## TASK GOAL:
Take the material below and reproduce, word for word, only the lines from the line with "- Thiết kế hiện" through the line with "マザーボードがちょっと違うだ".

## DATA FOR THIS EXERCISE:

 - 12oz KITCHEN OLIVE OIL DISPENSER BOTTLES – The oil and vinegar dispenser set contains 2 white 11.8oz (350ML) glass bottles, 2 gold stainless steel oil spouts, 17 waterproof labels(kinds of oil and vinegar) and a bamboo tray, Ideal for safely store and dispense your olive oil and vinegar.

---

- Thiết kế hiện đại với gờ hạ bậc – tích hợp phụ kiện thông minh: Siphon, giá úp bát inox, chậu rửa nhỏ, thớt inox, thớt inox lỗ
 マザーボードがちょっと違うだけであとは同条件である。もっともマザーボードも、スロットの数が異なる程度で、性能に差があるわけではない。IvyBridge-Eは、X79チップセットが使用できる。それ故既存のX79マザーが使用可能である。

---

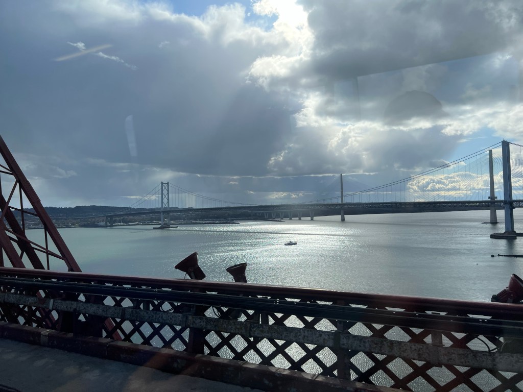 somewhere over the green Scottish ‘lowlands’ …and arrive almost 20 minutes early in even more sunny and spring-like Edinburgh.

## OUTPUT FOR THIS TASK:
- Thiết kế hiện đại với gờ hạ bậc – tích hợp phụ kiện thông minh: Siphon, giá úp bát inox, chậu rửa nhỏ, thớt inox, thớt inox lỗ
 マザーボードがちょっと違うだけであとは同条件である。もっともマザーボードも、スロットの数が異なる程度で、性能に差があるわけではない。IvyBridge-Eは、X79チップセットが使用できる。それ故既存のX79マザーが使用可能である。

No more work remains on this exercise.